The developers didn’t lose space that could generate revenue, however. They were allowed to take the space that was demolished and relocate it elsewhere on the property. That variance led to the construction of a new office complex called the Penthouse, a seven-story, 270,000-square-foot structure with floor-to-ceiling windows and panoramic views of the Hudson River. The new structure is one of the largest rooftop additions permitted in New York for a historically landmarked building, Reynolds said.
In addition to the Penthouse and central courtyard, Terminal Warehouse has other amenities located just a few feet outside its western entrance. The Hudson River Greenway riverside walking and biking paths run alongside Terminal Warehouse, passing Chelsea Piers, Pier 76 and other recreational piers.
Historic preservation
Terminal Warehouse is the latest of many historic industrial buildings in New York converted to new uses.
The 517,000-square-foot Empire Stores in Brooklyn opened in 1890, was converted into offices and restaurants in 2015 and now counts Boston Consulting Group among its office tenants. Kingsbridge Armory in the Bronx, one of the city’s few remaining militia armory buildings, is in the planning stages for conversion to multifamily.
CookFox already has a project similar to Terminal Warehouse under its belt, the conversion of the former St.
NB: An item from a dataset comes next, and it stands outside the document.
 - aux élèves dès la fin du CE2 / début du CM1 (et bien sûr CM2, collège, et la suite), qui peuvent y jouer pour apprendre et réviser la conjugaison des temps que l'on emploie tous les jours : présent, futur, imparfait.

John's Terminal in Manhattan, a 1.5 million-square-foot building now occupied primarily by Google.
The Starrett-Lehigh Building, a 1.9 million-square-foot property next door to Terminal Warehouse, opened in 1931 and was converted into offices in 2003. Fashion designer Ralph Lauren is the anchor tenant.
Repurposed historic structures are inherently a better option for promoting environmental conservation than new construction, Erica Ceder, an architect at DLR Group in Portland, Oregon, wrote in a May 30 report.
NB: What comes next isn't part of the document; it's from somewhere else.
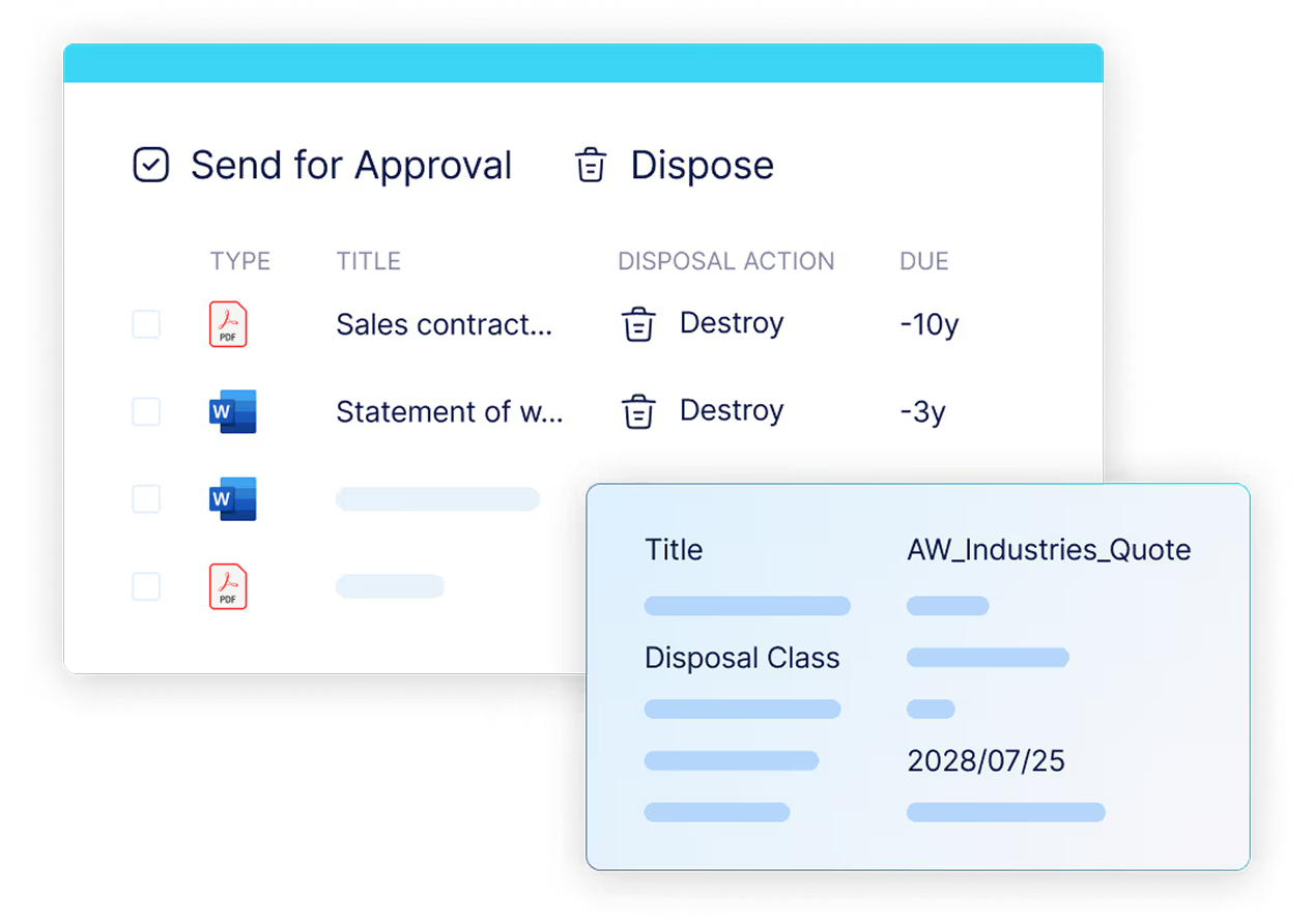 Apply automated classification, retention policies, legal holds, and defensible disposal to files stored in shared drives – ensuring information is managed according to organizational policies.

“The most sustainable construction choice is nearly always going to be adaptive reuse,” wrote Ceder, principal and head of DLR’s historic preservation group. DLR is not involved in the Terminal Warehouse project.
“Constructing new buildings consumes vast amounts of resources and energy, contributing significantly to global carbon emissions,” she said. “In contrast, adaptive reuse architecture capitalizes on the embodied energy of existing structures, minimizing the need for new materials and reducing construction waste.”
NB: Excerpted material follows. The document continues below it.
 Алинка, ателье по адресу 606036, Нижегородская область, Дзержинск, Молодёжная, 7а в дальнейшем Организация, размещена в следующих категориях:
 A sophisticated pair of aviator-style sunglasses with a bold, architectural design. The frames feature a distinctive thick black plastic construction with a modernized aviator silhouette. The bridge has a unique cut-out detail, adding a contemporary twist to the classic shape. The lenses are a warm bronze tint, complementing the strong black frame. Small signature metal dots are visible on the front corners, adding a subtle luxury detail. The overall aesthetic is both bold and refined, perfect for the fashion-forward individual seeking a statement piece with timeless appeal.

But the quality of the space is also important, and CookFox appears to have balanced the sometimes-competing goals of historic preservation and renovations, Gustavo Rodriguez said, based on his analysis of the firm’s description and images of the product. That combination of historic authenticity and modern amenities should make Terminal Warehouse a prime target for many tenants looking for office space.
“People are still investing in offices, and architecture firms’ workplace practice groups are still a thing,” Gustavo Rodriguez said. “The quality of workspace has become ever more important.”
For the record
Richard Cook, Darin Reynolds and Bethany Borel at CookFox were lead partners at their firm in charge of the Terminal Warehouse project. New Line Structures is general contractor. Thornton Tomasetti is providing construction and engineering services.
Josh Kuriloff, Andrew Braver, Gus Field, Anthony Lopresti, Nicholas Dysenchuk and Eric Hazen at Cushman & Wakefield represent the developers on office leasing, and Alan Schmerzler, Steven Soutendijk, Patrick O’Rourke and Sean Moran at Cushman are retail leasing agents.